HomeNewsMeikles seeks approval for empowerment deal

Meikles seeks approval for empowerment deal


MEIKLES Limited shareholders will tomorrow convene an extraordinary general meeting to either vote for or against the allocation of 10% of the company’s shares to employees, as the group partially complies with the country’s indigenisation laws.

Report by Business Reporter

The shares will be housed under an employee share ownership scheme and the approval will result in Meikles’s provisional indigenisation compliance plan being fulfilled.

The meeting comes two years after the shareholders approved that 24 million unissued shares be placed under the control of the employee share ownership scheme.

The shares then represented 8,91% of the issued share capital.

The Ministry of Youth, Indigenisation and Economic Empowerment has approved the company’s provisional Indigenisation Implementation Plan on the condition that 10% of the issued share capital be issued to the trust.

“To meet this condition, a further 4 000 000 shares need to be issued to the trust in addition to the shares already authorised to be issued as per the August 20 2013 Annual General Meeting. So, in total 19 581 490 shares will be placed under the control of the directors. This total together with the 8 418 510 shares already issued to the trust will constitute 10% of the company’s issued share capital,” the statement read.

“To date finance has been secured for the Trust to purchase 8 418 510 shares in the company and for the scheme to purchase 12 812 381 shares in the company.

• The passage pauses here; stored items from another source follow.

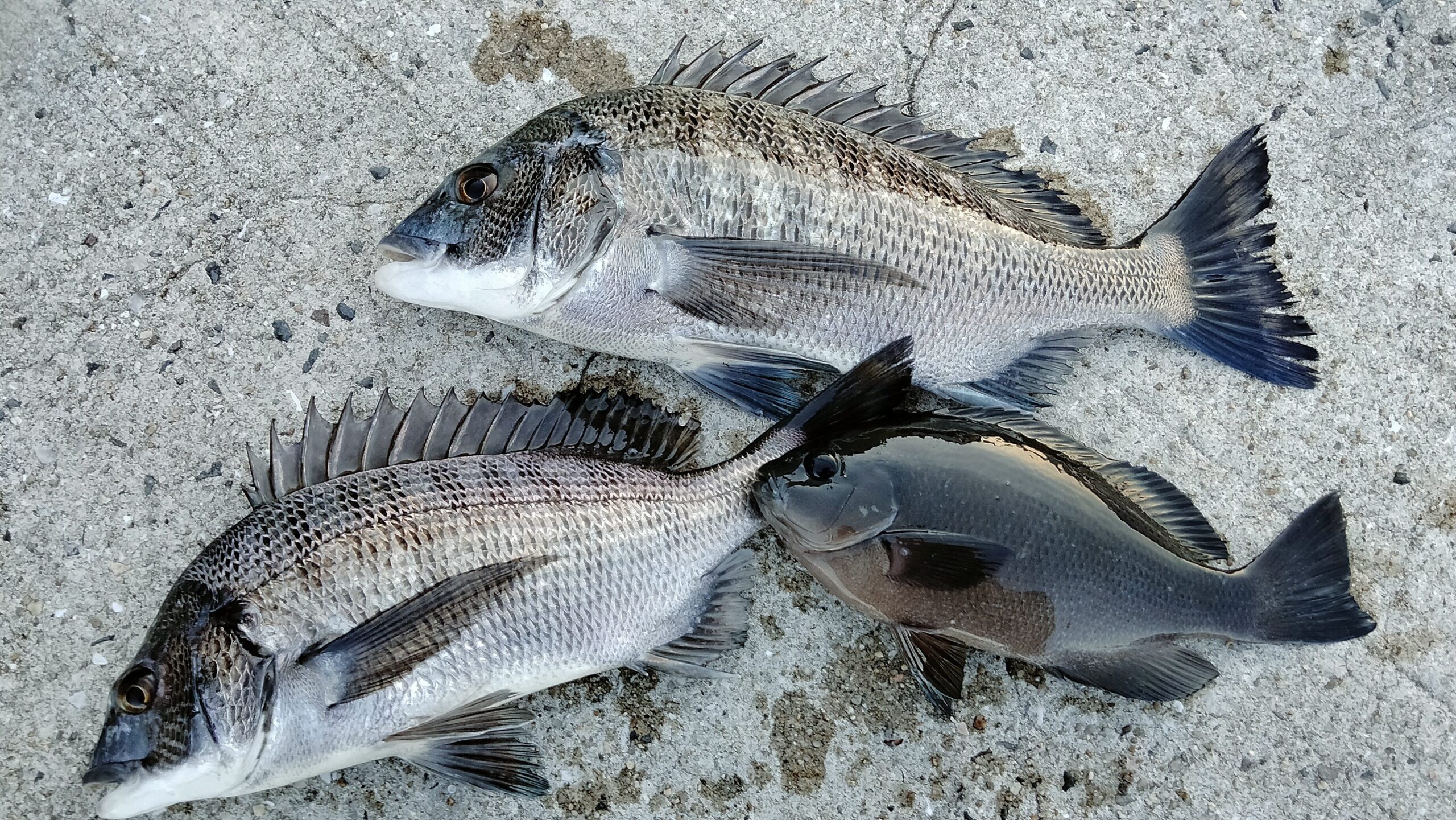 グレ(メジナ)、チヌ(クロダイ)、アオリイカ(墨の跡が多数あり)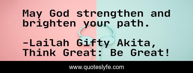 "Lailah Gifty Akita, Think Great: Be Great! Quotes." Quoteslyfe.com, 2025. Fri. 05 Dec. 2025. <https://www.quoteslyfe.com/quote/May-God-strengthen-and-brighten-your-path-201076>.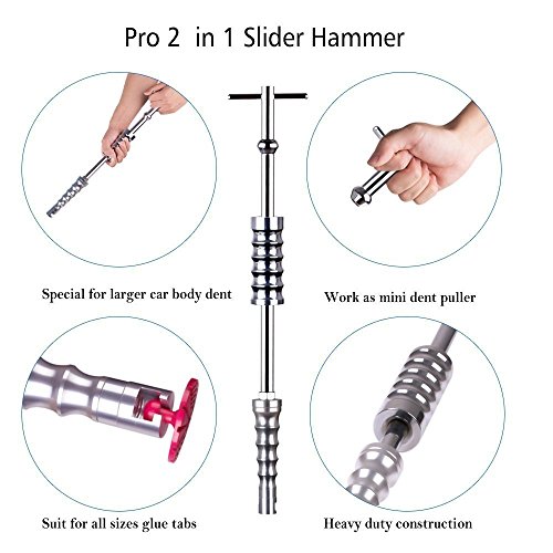 Di alta qualità: la spatola e le placchette per colla sono realizzate in plastica resistente che non si rompe facilmente durante l'uso. Questo martello scorrevole in acciaio inox ti aiuterà a liberarti facilmente delle ammaccature. Ottima qualità.

It has not been possible to secure additional financing for both the Trust and the Scheme to purchase their full entitlement.

“Shareholder approval is now being sought for the company to finance the purchase of the balance of both the Trust and the Scheme’s shares in the company.”
Meikles said the company would extend assistance if the funds on deposit held by the Reserve Bank of Zimbabwe were repaid.

The central bank owes Meikles $76,5 million dating back to 1998.

The debt was accrued from transactions related to the group’s dual listing on the Zimbabwe Stock Exchange and the London Stock Exchange.